Sampling water from the bottom of the world’s stormiest sea is most people’s idea of hell. For scientist Ryan Cloete, it’s a career highlight.
The weather-beaten academic, part of a research team from Stellenbosch University, intentionally set off into the wintry depths of the Southern Ocean, braving 10m waves and daytime temperatures of -13°C.
The team worked in snow and howling wind for five straight weeks, with little contact with the outside world.
And what they found there might change the way we understand climate change.
• The SA Agulhas II is an ice-breaking polar supply and research ship owned by the department of environment, forestry & fisheries. The ship was built in 2012 by STX Finland Rauma shipyard in Rauma, Finland.
The vessel replaced the ageing SA Agulhas, which was retired from Antarctic service in April 2012.
- Wikipedia
— HOT SHIP FOR A COLD CLIMATE
“You get used to it,” Cloete said this week of his third trip aboard the research ship SA Agulhas II. “It’s a different kind of cold, like a dry cold, but sometimes it feels like the wind is hitting you with icicles.”

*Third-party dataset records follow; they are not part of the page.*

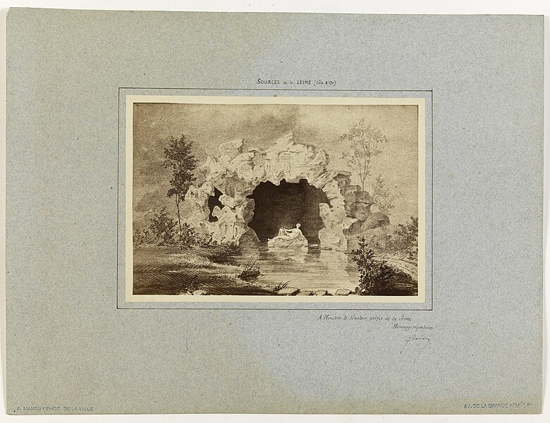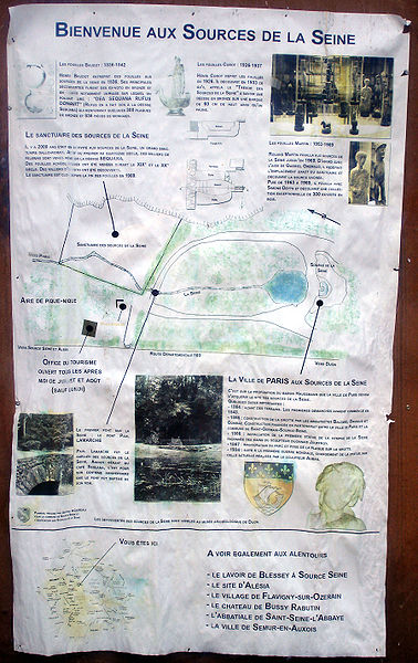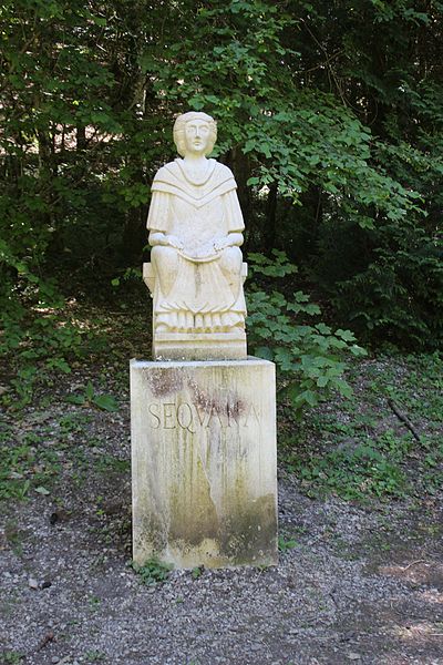 À l'époque antique, le lieu dépendait du territoire des Lingons et, à partir de la fin de La Tène, a accueilli un sanctuaire où furent édifiés deux temples, une enceinte à colonnes et d'autres structures centrées sur la piscine et la source. Entre le Ier et la fin du IVe siècle, le sanctuaire gallo-romain était consacré à la déesse Sequana et constituait un lieu de pèlerinage; les fouilles ont mis au jour plusieurs centaines d'ex-voto. Dès la seconde moitié du XVIIIe siècle et au début du XIXe, des objets gallo-romains ont été découverts dans les environs, notamment une galère en bronze signalée en 1763, un trident mentionné en 1787 et divers débris, médailles et fragments sculptés retrouvés en 1822 lors de la démolition d'une petite chapelle. Ces découvertes ont suscité l'intervention de la Commission des antiquités de la Côte-d'Or et une première campagne de fouilles dirigée par Chaussier-Morisot entre 1836 et 1843 a permis de mettre au jour les fondations du sanctuaire et une centaine d'ex-voto. L'intérêt pour le site a conduit la ville de Paris à acquérir le terrain qui entoure la source en 1864 et à y aménager une grotte artificielle en 1865 pour la protéger.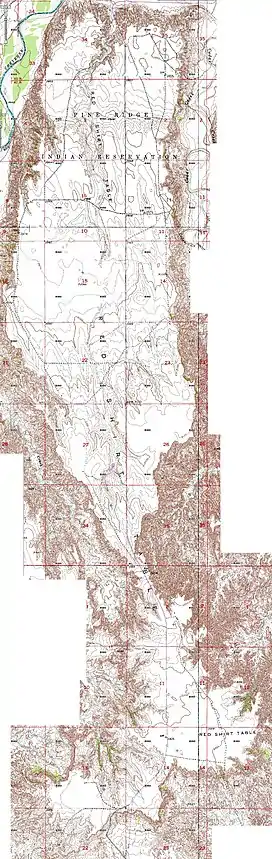 Red Shirt Table is a table mountain in Oglala Lakota County, South Dakota part of the Pine Ridge Indian Reservation of the Oglala Sioux Tribe. The table, named after Chief Red Shirt is approximately 10 miles (16 km) long, generally extending in a north–south direction, and is located along the western boundary of Badlands National Park's Stronghold Unit. The park's highest point is located at the southern end of the table at 3,340 feet (1,020 m).[1] The irregularly shaped southern portion of the table is connected to the more rectangular northern portion by a narrow section less than 800 feet (240 m) wide; the northern portion is up to two miles (3 km) wide and is composed of two elongated lobes with a runoff channel between them. The top surface of the table slopes gently downhill as it extends northward, with the north edge being at about 2,800' in elevation. It drops off steeply from almost all sides, up to 300'. French Creek flows to the northeast, and the intermittent Cedar Creek drains the entire east side of the table.
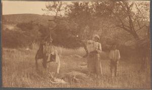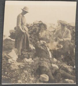 Depicts Winifred Lamb, J. Webb, C. T. Seltman and F.B. Welch at Hymettus. No caption. A similar photograph is found at LAM/3/1/5/8, hence the dating and idenificaton of the people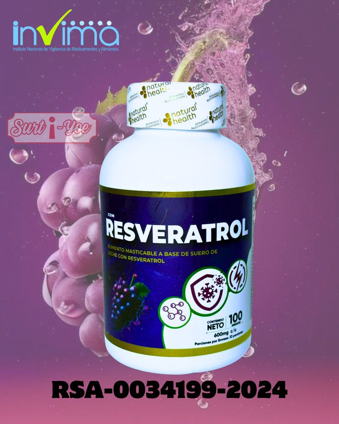 🍇 RESVERATROL MASTICABLE NATURAL HEALTH – PODER ANTIOXIDANTE PARA TU BIENESTAR DIARIO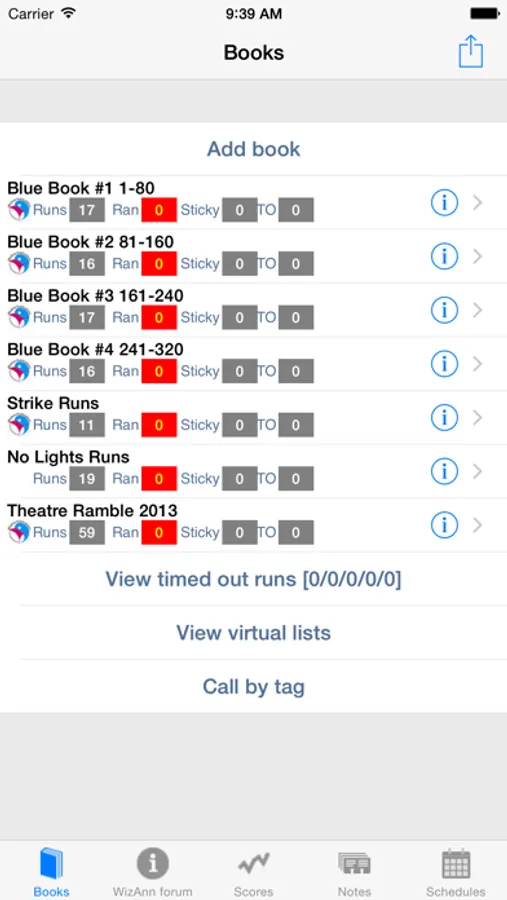 WizAnn Books app, this app has been designed to help with calling over runs, with the app you can create and share your own runs it will track your progress of calling over.

Johan Viljoen, a member of the team, explained that at one point it was so cold he could see his seawater samples beginning to freeze on contact with the icy air while being transferred to storage.
But the pain was worth the gain: four years later the team have published results of their ocean analysis, and the results are surprising.
Contrary to expectation, they found that the ocean continues to serve as a “biological carbon pump” throughout the winter months.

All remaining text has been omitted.